» **How to complete this task**: The reply must repeat the listing below exactly and carry none of its pictures.

» **Data listing**:

==*==

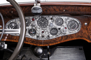 Unser Fotomodell lieferte Mercedes 1931 an den seinerzeit sehr bekannten deutschen Filmschauspieler und Regisseur Erik Charell. 1933 emigrierte Charell in die Vereinigten Staaten. Der Mercedes begleitete ihn. In den darauffolgenden Jahren wechselte der W07 mehrfach den Besitzer, um schließlich 2004 wieder die Heimreise anzutreten. In Deutschland erhielt der Mercedes 770 eine aufwändige Restauration. Nun erstrahlt der “Große“ wieder in voller Schönheit – und zählt damit ganz gewiss stets zu den Top Pokal-Favoriten bei jedem Concours d’Élégance.
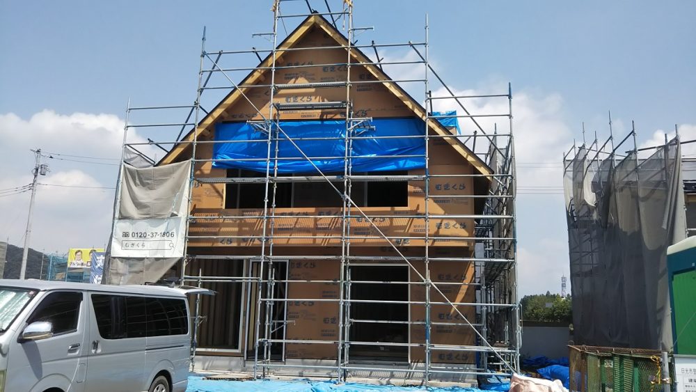また外回りはダイライトという地震に強い面材を貼り終わっており、屋根は板金工事が完了しています。
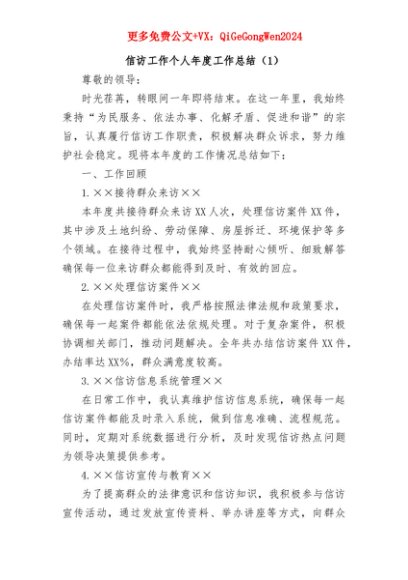 【七哥公文】2025年:(2篇)信访工作个人年度工作总结汇编+更多免费公文+VX:QiGeGongWen2024+更多免费公文+VX:QiGeGongWen2024
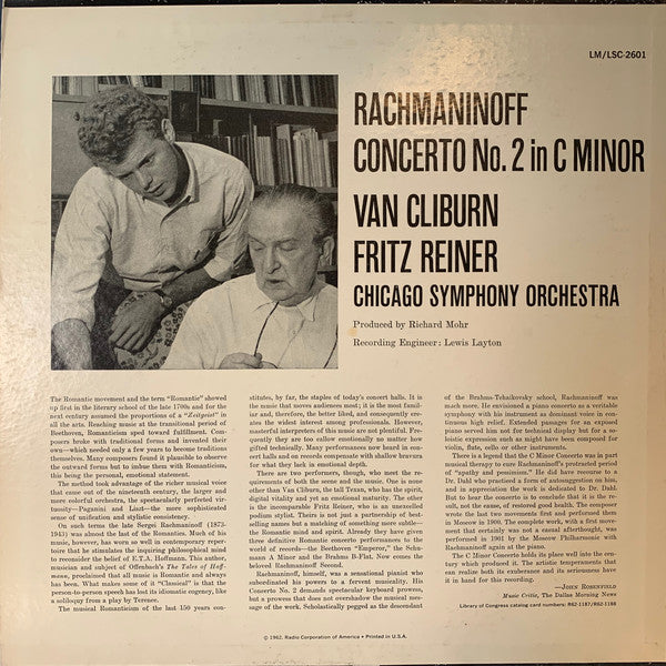 Sergei Vasilyevich Rachmaninoff / Van Cliburn, Fritz Reiner, Orquesta Sinfónica de Chicago - Concierto n.º 2 (LP, Álbum, Ind)
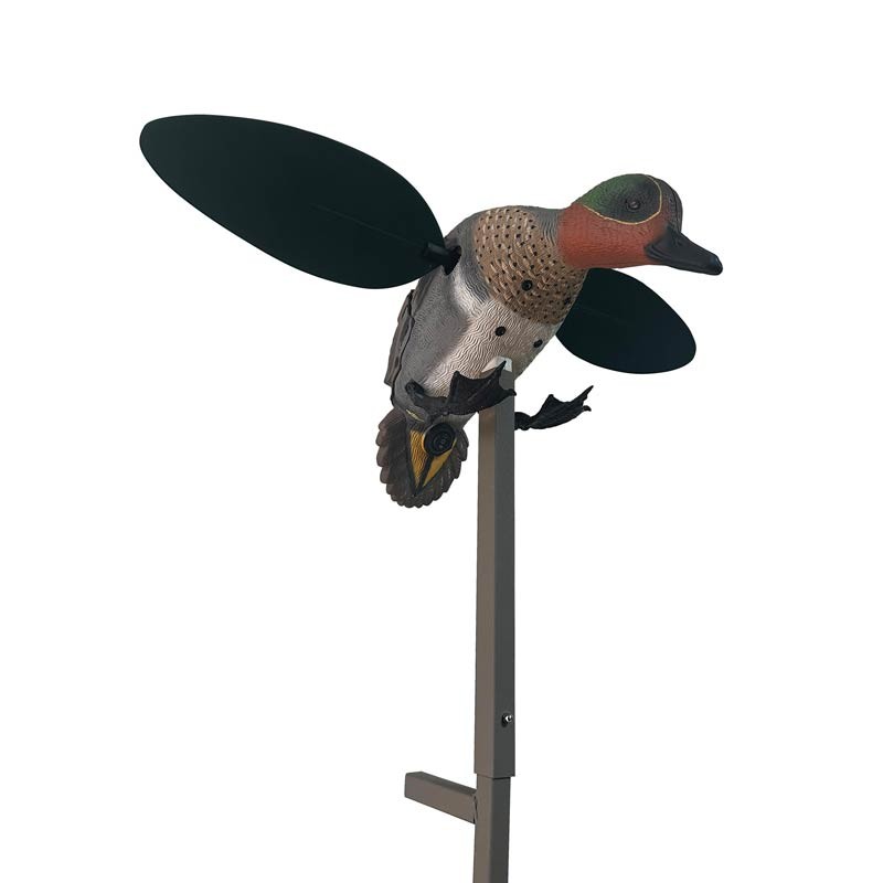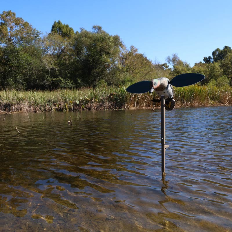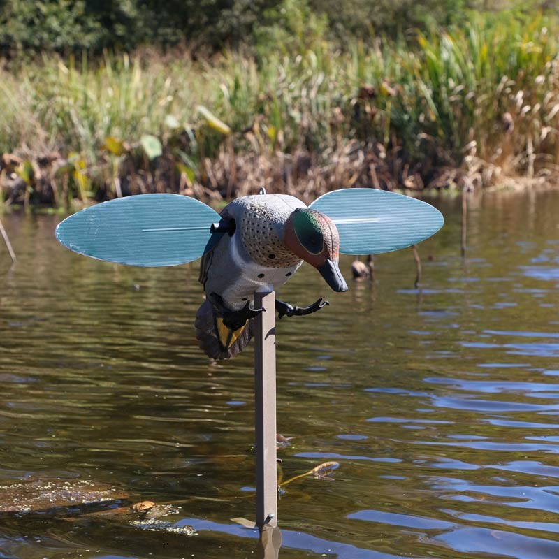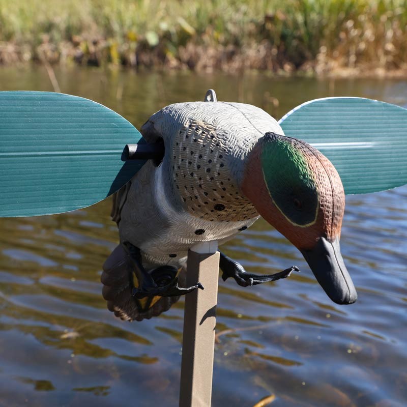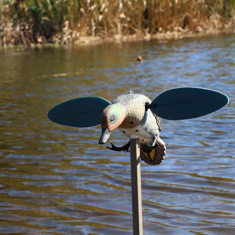 - Atracción versátil : Aunque imita a un macho de cerceta de alas verdes, la velocidad de rotación ultrarrápida de sus alas atrae eficazmente a ánades reales, ánades rabudos, patos cuchara y a los patos buceadores.

==*==

» **Written response**:
 Unser Fotomodell lieferte Mercedes 1931 an den seinerzeit sehr bekannten deutschen Filmschauspieler und Regisseur Erik Charell. 1933 emigrierte Charell in die Vereinigten Staaten. Der Mercedes begleitete ihn. In den darauffolgenden Jahren wechselte der W07 mehrfach den Besitzer, um schließlich 2004 wieder die Heimreise anzutreten. In Deutschland erhielt der Mercedes 770 eine aufwändige Restauration. Nun erstrahlt der “Große“ wieder in voller Schönheit – und zählt damit ganz gewiss stets zu den Top Pokal-Favoriten bei jedem Concours d’Élégance.
また外回りはダイライトという地震に強い面材を貼り終わっており、屋根は板金工事が完了しています。
 【七哥公文】2025年:(2篇)信访工作个人年度工作总结汇编+更多免费公文+VX:QiGeGongWen2024+更多免费公文+VX:QiGeGongWen2024
 Sergei Vasilyevich Rachmaninoff / Van Cliburn, Fritz Reiner, Orquesta Sinfónica de Chicago - Concierto n.º 2 (LP, Álbum, Ind)
 - Atracción versátil : Aunque imita a un macho de cerceta de alas verdes, la velocidad de rotación ultrarrápida de sus alas atrae eficazmente a ánades reales, ánades rabudos, patos cuchara y a los patos buceadores.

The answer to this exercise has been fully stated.